ぼんやりと意識が浮かび上がって行きます。
目を開けると月明かりだけの薄暗い天井。
視線を横にずらして窓の外に移すと、満天の星空に月が二つ。
まだ日の出前ですね。
基本的に、定時に寝て定時に起きる体内時計の整った私にしては、とても珍しい事です。
やっぱり昨日の訓練をお休みしたせいでしょうか。
「昨日は……。あ、イタチは」
おぉ、置いといた餌はきちんとなくなってますね。
夜中にでも起きたんでしょう。
一安心です。
これなら近い内に森に帰せますね。
「ミツハさん、古き血の獣でしたっけ? 何か変わった様子はありませんでしたか」
「我には変わった様子というものが分からんが、カミルに危害を加えようとはしなかったぞ」
「部屋から出ようとしたり、走り回ったりは」
「うむ、していなかったな」
「そうですか、ありがとうございます」
野生の動物なら目が覚めて知らない場所、しかも屋内にいたらとりあえず外に出ようとすると思うんですけど、人に慣れているのでしょうか。
カトレアさんは例外として、馬や牛みたいに利用価値のある動物以外の純然たる愛玩動物、いわゆるペットはコチラの世界では珍しいはずですけど。
他に考えられるとしたら使い魔のケースですが、隅々までは確認していませんが、見た感じルーンは無かったような……。
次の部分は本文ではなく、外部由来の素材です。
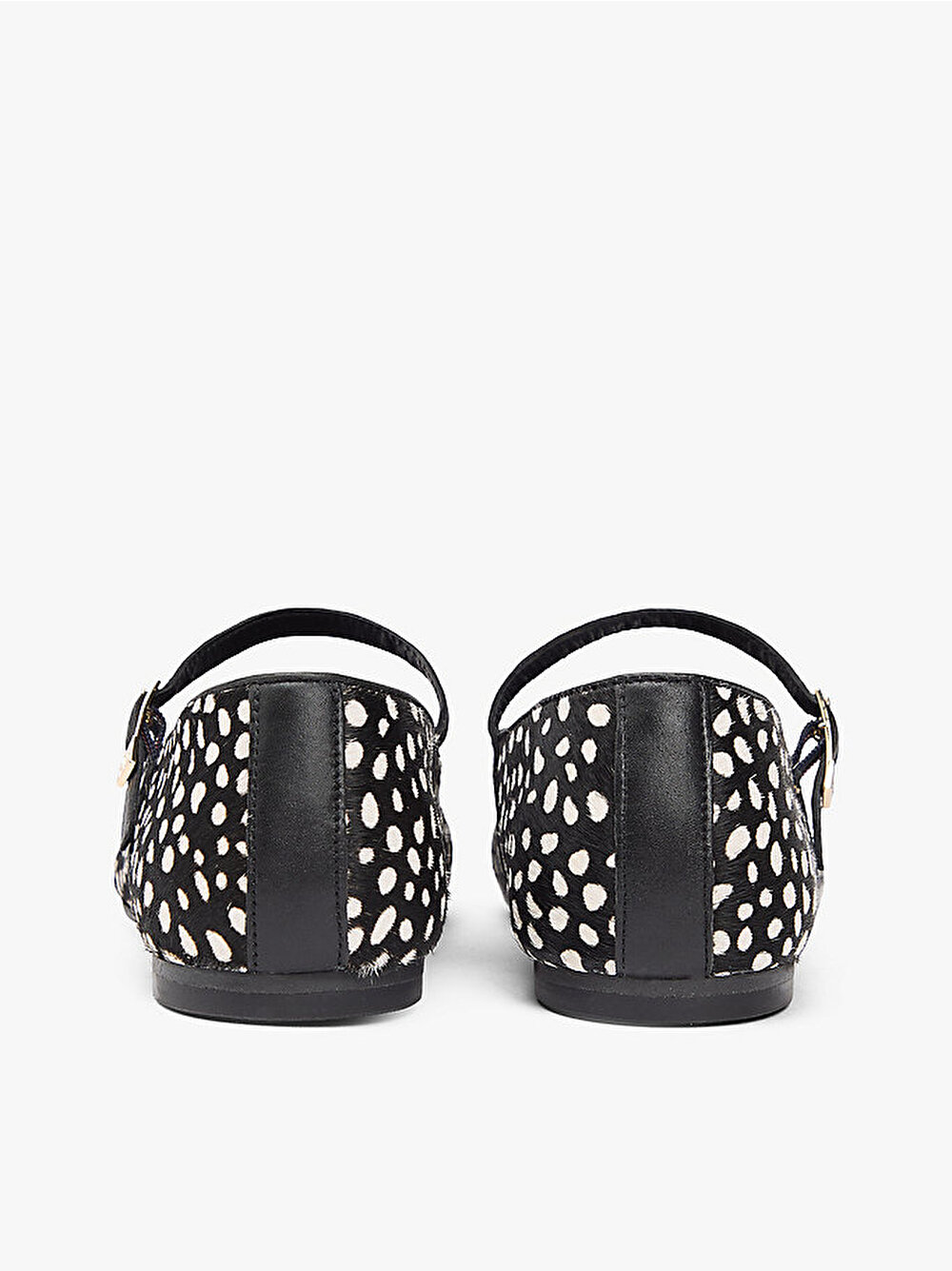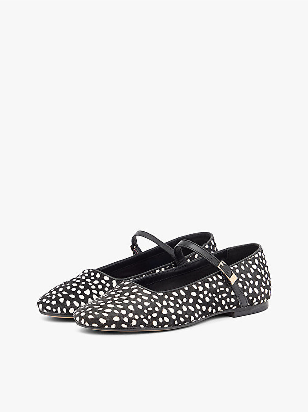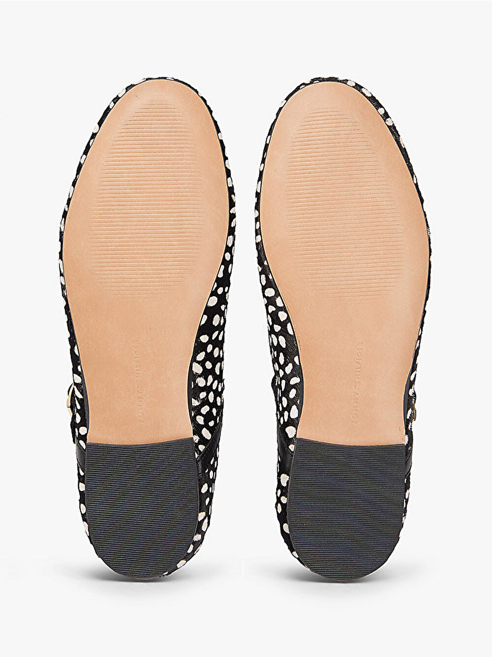 Bu babetler, baskılı dana tüyü deriden üretilmiş olup dikkat çekici kar leoparı deseni, kayış detayı ve TH monogram toka ile tamamlanmıştır.

あ、でも確か使い魔の契約はどちらかがお亡くなりになった時点で解消されるはずでしたよね。
そういう可能性もありますか。
まぁ暴れて欲しいわけではありませんから、大人しいのは大歓迎です。
とりあえずまだ時間も早いですし、もう一眠りしましょう。
二度寝から覚醒し、朝食を食べて部屋に戻ると、こちらを見上げたイタチと目が合いました。
「あっ、起きましたね」
近付いて抱き上げます。
あぁ、もふもふしています。
昨日は気付きませんでしたが、大きな青い瞳がクリクリしてて可愛いですね。
「傷は治しましたけど、どこか痛い所はありませんか」
ベッドに腰を下ろしイタチを膝の上に乗せ、背中やお腹を撫でたり、手足や尻尾を摘んだりしてみます。
なんて愛らしいんでしょう。
いえ、痛がったりしないかチェックしてるだけで他意はありません。
「よし、特に痛そうにはしてないですね」
良かった良かった。
「言葉が通じれば楽なんですけど、こればっかりは反応で確認するしかないですね」
「いいや」
「ミツハさん?」
サイドテーブルの上に置いたブレスレットにハメられている水石から人形サイズのミツハさんが出てきています。
「カミルよ。その古き血の獣は人の言葉を解するぞ」
「ホントですかっ!?」
ビックリして膝の上のイタチに目を向けると、
「(分かる)」
耳からではなく頭に直接声が響きました。
「今のはあなたが」
「(うん)」
おお、しゃべる動物とはさすがファンタジー世界。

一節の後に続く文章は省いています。